Work instruction - The pictures are to be omitted when the entries are reproduced exactly.

::::::::::

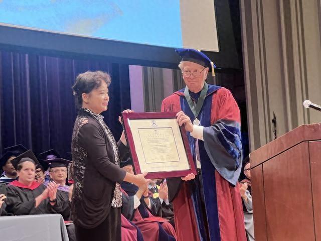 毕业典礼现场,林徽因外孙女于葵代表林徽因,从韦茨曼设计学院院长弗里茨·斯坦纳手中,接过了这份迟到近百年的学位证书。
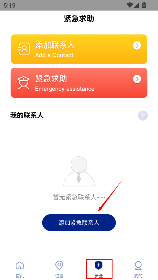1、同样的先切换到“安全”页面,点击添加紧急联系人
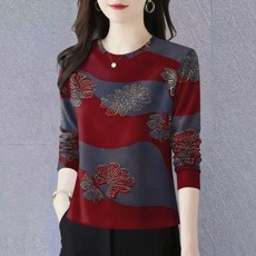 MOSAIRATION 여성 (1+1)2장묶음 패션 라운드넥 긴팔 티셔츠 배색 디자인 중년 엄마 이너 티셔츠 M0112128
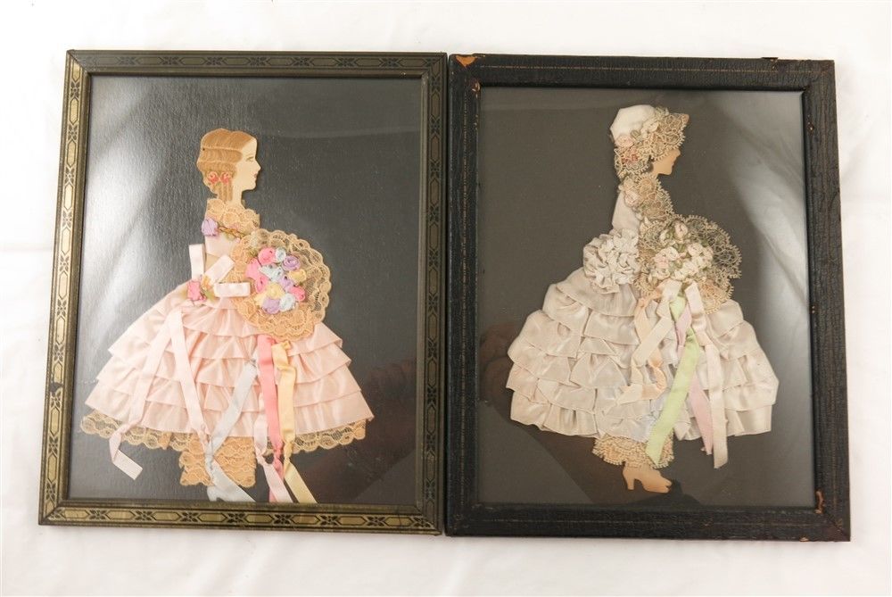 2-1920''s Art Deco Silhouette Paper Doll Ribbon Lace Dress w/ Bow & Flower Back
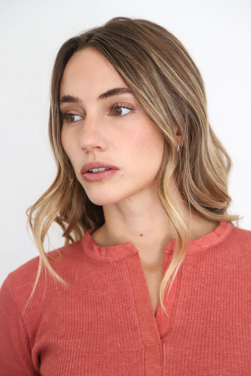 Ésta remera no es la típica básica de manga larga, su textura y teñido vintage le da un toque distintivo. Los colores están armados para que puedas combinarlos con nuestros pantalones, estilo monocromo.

::::::::::

Solution for this exercise -
 毕业典礼现场,林徽因外孙女于葵代表林徽因,从韦茨曼设计学院院长弗里茨·斯坦纳手中,接过了这份迟到近百年的学位证书。
1、同样的先切换到“安全”页面,点击添加紧急联系人
 MOSAIRATION 여성 (1+1)2장묶음 패션 라운드넥 긴팔 티셔츠 배색 디자인 중년 엄마 이너 티셔츠 M0112128
 2-1920''s Art Deco Silhouette Paper Doll Ribbon Lace Dress w/ Bow & Flower Back
 Ésta remera no es la típica básica de manga larga, su textura y teñido vintage le da un toque distintivo. Los colores están armados para que puedas combinarlos con nuestros pantalones, estilo monocromo.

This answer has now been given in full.